WORK TO BE COMPLETED: Restate every record exactly as it is written, while omitting the pictures it holds.

-- Opening Marker --

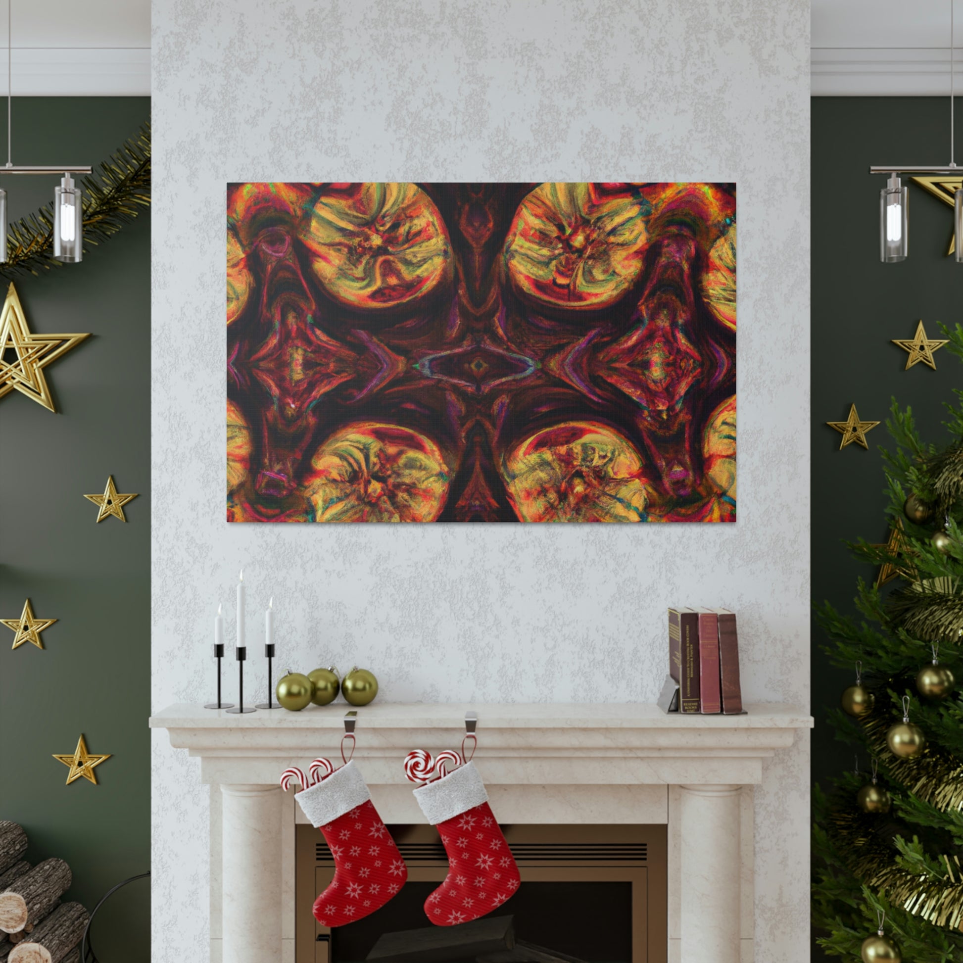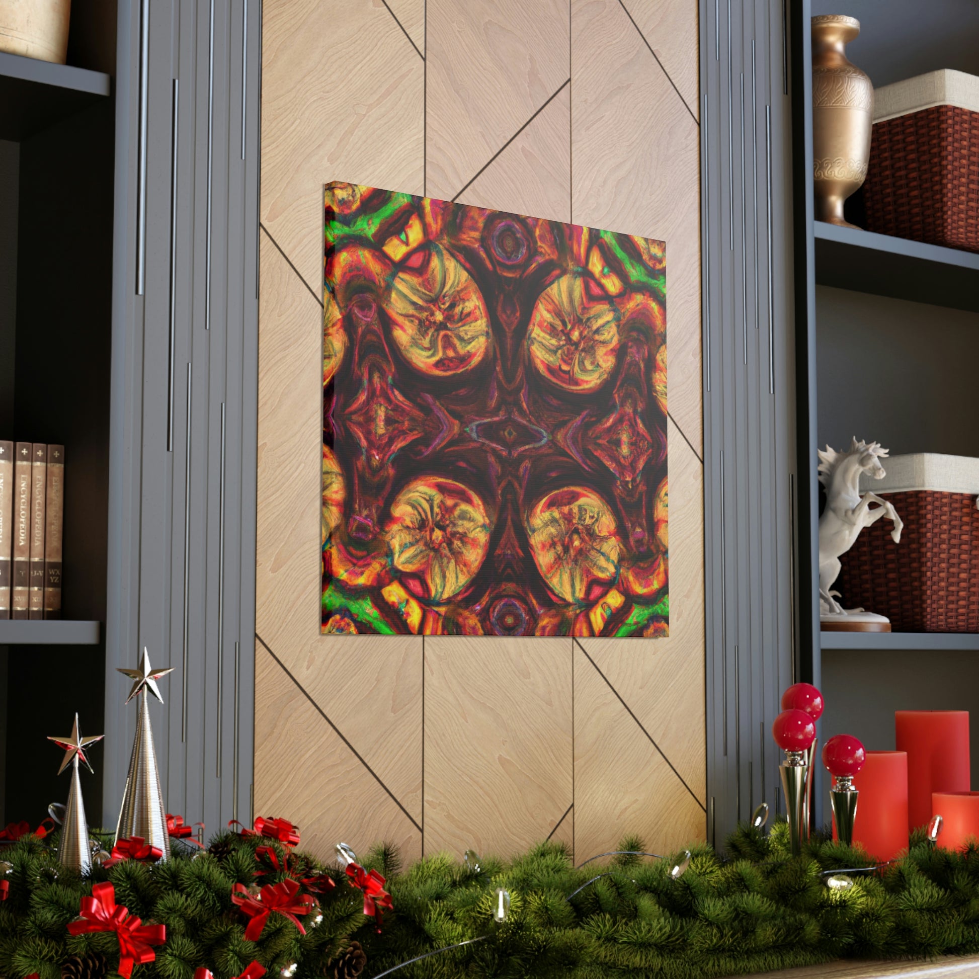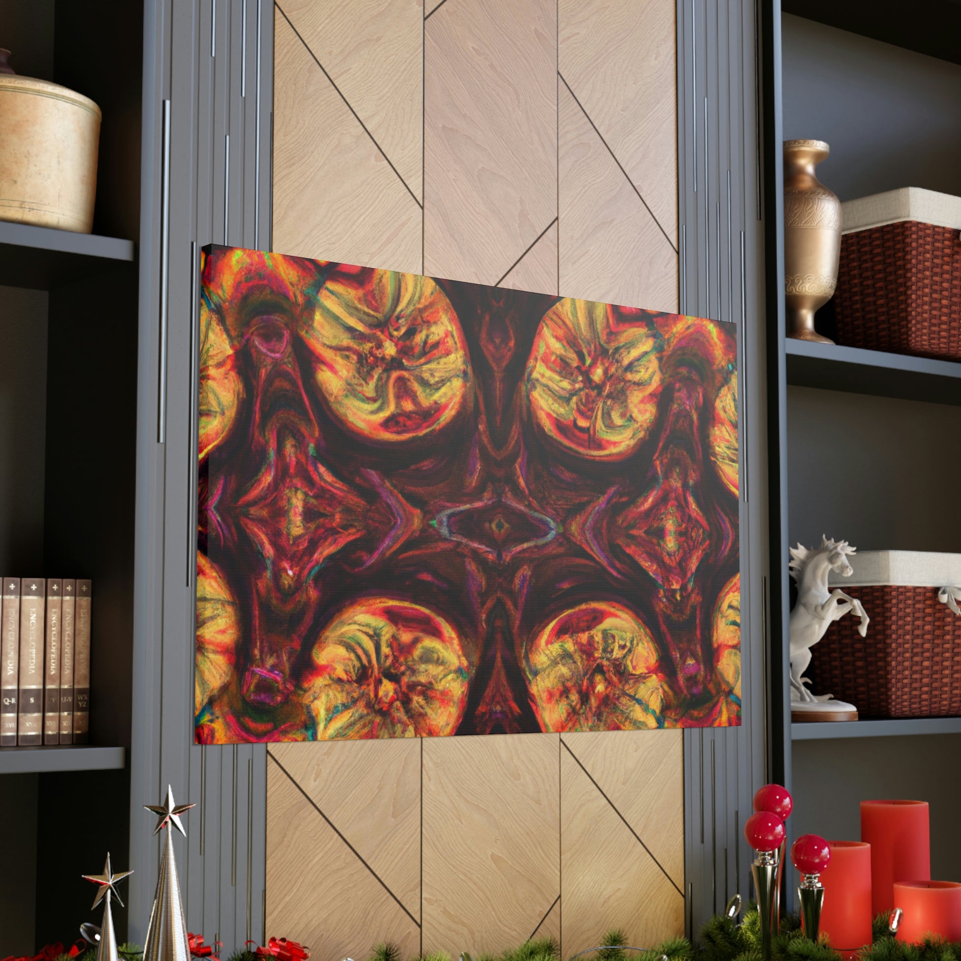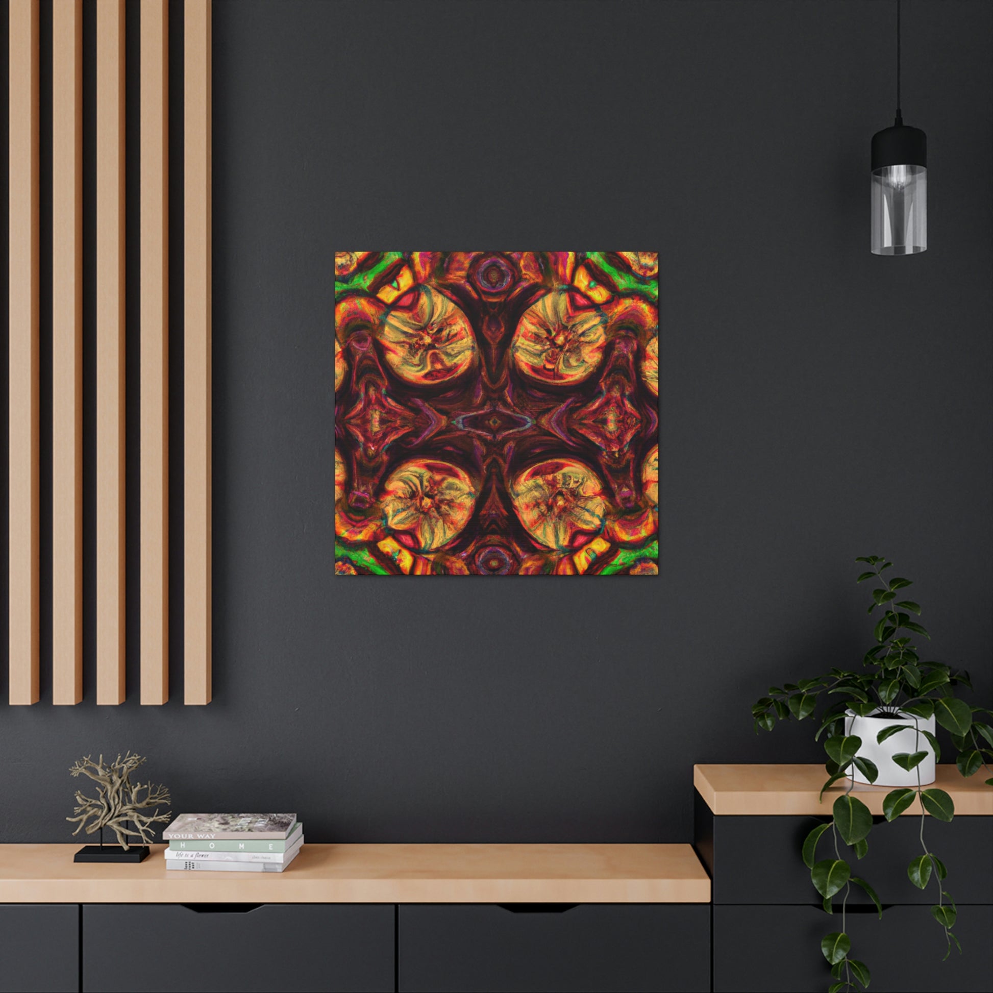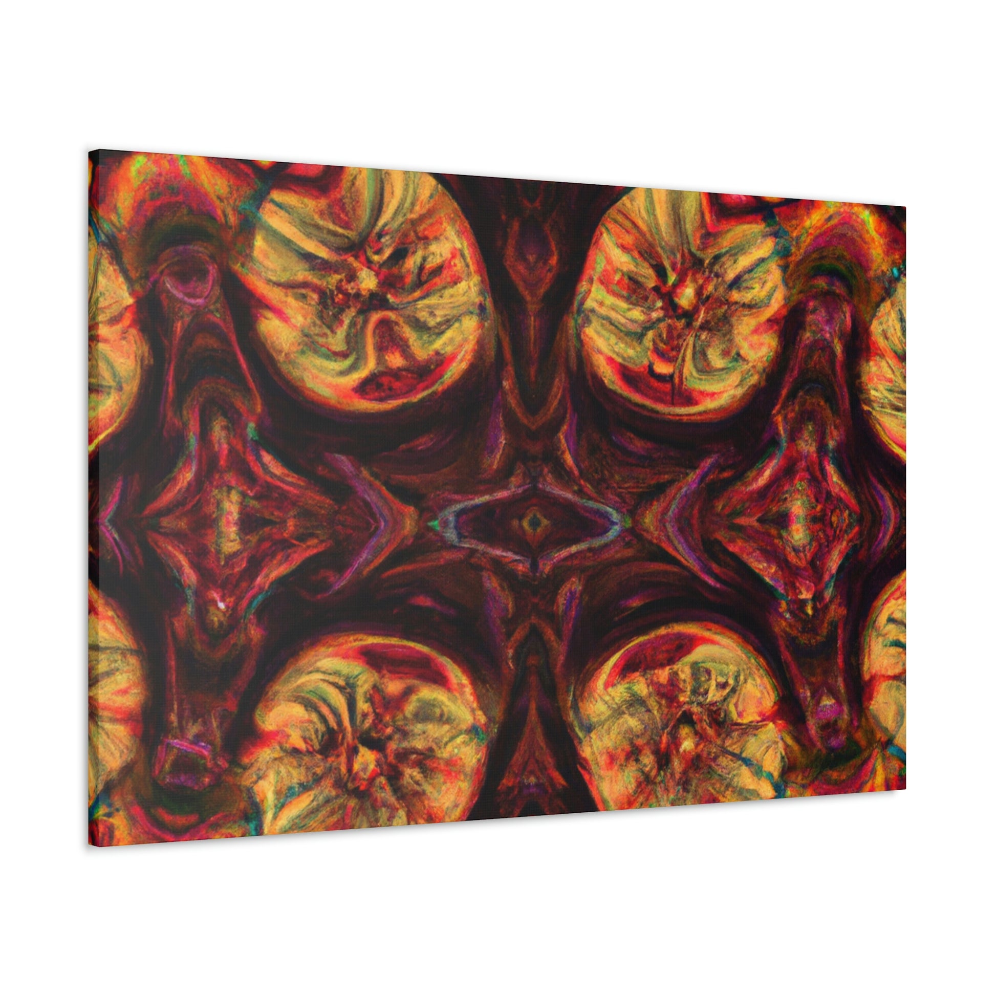 This abstract digital art canvas shows off a unique take on trippy mushrooms. Colorful and psychedelic, this kaleidoscope pattern features vivid orange, yellow and blue colors that draw attention. Hang this canvas to instantly update any room and create an eye-catching wall décor. #trippy #mushrooms #kaleidoscope #abstract #digitalart #vividcolors #homedecor #psychedelic #colorful #wallart #ohwowspace
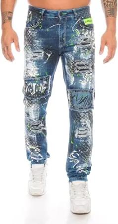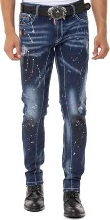 Herren Jeans Hose Straight Fit Denim Farbkleckse Regular Fit Jeanshose CD783 Blau W32 L32
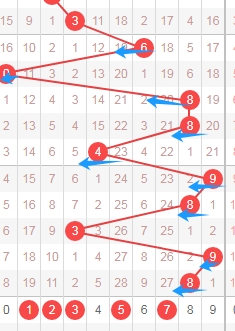 从数字的质数和合数来分析,上图是排列五开奖号码分布走势图中的第三位走势图,我在上面标注出来的数字都是合数04689,从合数和质数来分析,看上面标注出来的蓝色小箭头最近开出的质数多,开出的合数少,那么本期个人观点这位数字可以关注出合数04689。
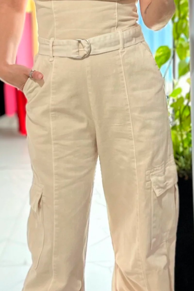 Macacão Bege Cargo Feminino
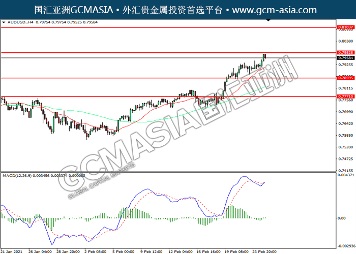 AUDUSD,H4:澳美震荡上行,目前测试前期压力。MACD空头动能略减,若突破可关注多头为主。上方关注0.7985压力和0.8105压力,下方关注0.7860支撑和0.7770支撑。
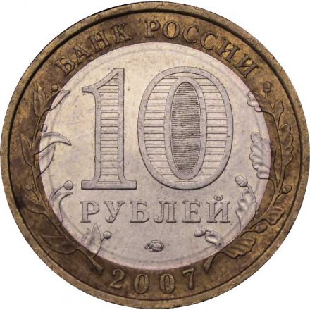 Аверс: сверху вдоль края монеты слова «БАНК РОССИИ», внизу год чеканки «2007», слева ветка оливы, справа дуба, обе ветки частично заходят на центральную вставку. В середине номинал «10» под ним слово «РУБЛЕЙ», внутри цифры «0» попеременно видимые при наклоне монеты надписи «10» и «РУБ». Над годом монограмма монетного двора «ММД».

-- Closing Marker --

EXERCISE ANSWER:
 This abstract digital art canvas shows off a unique take on trippy mushrooms. Colorful and psychedelic, this kaleidoscope pattern features vivid orange, yellow and blue colors that draw attention. Hang this canvas to instantly update any room and create an eye-catching wall décor. #trippy #mushrooms #kaleidoscope #abstract #digitalart #vividcolors #homedecor #psychedelic #colorful #wallart #ohwowspace
 Herren Jeans Hose Straight Fit Denim Farbkleckse Regular Fit Jeanshose CD783 Blau W32 L32
 从数字的质数和合数来分析,上图是排列五开奖号码分布走势图中的第三位走势图,我在上面标注出来的数字都是合数04689,从合数和质数来分析,看上面标注出来的蓝色小箭头最近开出的质数多,开出的合数少,那么本期个人观点这位数字可以关注出合数04689。
 Macacão Bege Cargo Feminino
 AUDUSD,H4:澳美震荡上行,目前测试前期压力。MACD空头动能略减,若突破可关注多头为主。上方关注0.7985压力和0.8105压力,下方关注0.7860支撑和0.7770支撑。
 Аверс: сверху вдоль края монеты слова «БАНК РОССИИ», внизу год чеканки «2007», слева ветка оливы, справа дуба, обе ветки частично заходят на центральную вставку. В середине номинал «10» под ним слово «РУБЛЕЙ», внутри цифры «0» попеременно видимые при наклоне монеты надписи «10» и «РУБ». Над годом монограмма монетного двора «ММД».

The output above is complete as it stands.